▶ [Aim of the task]: Starting at the line that contains "Hand wash Imported" and stopping after the line that contains "What is very", transcribe the listing below exactly; do not include any pictures.

▶ [Information provided]:
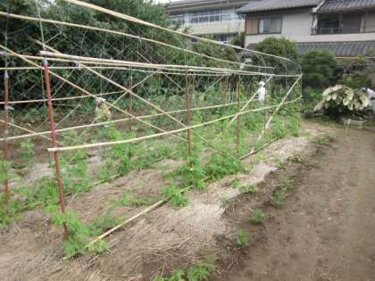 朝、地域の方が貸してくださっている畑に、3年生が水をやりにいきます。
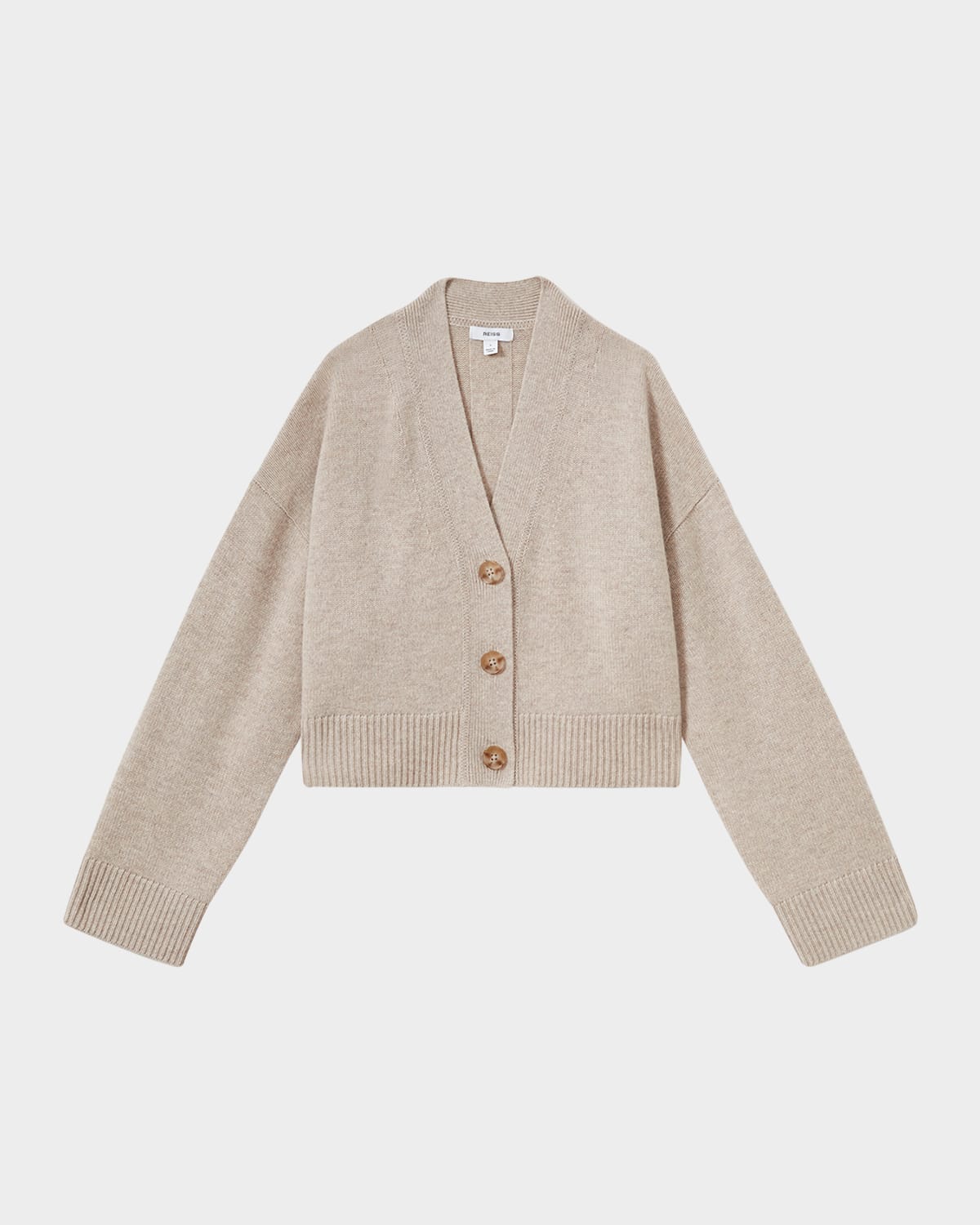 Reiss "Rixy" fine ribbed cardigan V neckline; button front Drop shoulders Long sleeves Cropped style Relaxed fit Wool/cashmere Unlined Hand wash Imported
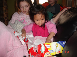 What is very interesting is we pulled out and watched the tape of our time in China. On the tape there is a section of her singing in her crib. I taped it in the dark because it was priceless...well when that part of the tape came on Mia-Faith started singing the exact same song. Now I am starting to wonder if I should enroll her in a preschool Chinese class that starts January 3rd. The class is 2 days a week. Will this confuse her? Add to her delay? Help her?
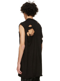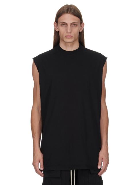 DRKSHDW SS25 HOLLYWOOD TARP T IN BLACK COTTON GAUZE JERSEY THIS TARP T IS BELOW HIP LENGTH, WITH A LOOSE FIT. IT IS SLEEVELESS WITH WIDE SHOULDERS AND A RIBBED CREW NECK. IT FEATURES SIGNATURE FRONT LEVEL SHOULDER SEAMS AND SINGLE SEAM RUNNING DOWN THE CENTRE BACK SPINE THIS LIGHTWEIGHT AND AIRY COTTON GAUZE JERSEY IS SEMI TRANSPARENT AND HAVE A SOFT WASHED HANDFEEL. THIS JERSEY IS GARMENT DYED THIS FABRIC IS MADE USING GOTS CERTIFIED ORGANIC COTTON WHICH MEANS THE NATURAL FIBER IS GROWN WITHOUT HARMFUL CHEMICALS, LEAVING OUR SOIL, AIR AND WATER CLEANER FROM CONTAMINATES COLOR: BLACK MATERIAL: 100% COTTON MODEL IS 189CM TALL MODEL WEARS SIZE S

▶ [Answer for the task]:
 Reiss "Rixy" fine ribbed cardigan V neckline; button front Drop shoulders Long sleeves Cropped style Relaxed fit Wool/cashmere Unlined Hand wash Imported
 What is very interesting is we pulled out and watched the tape of our time in China. On the tape there is a section of her singing in her crib. I taped it in the dark because it was priceless...well when that part of the tape came on Mia-Faith started singing the exact same song. Now I am starting to wonder if I should enroll her in a preschool Chinese class that starts January 3rd. The class is 2 days a week. Will this confuse her? Add to her delay? Help her?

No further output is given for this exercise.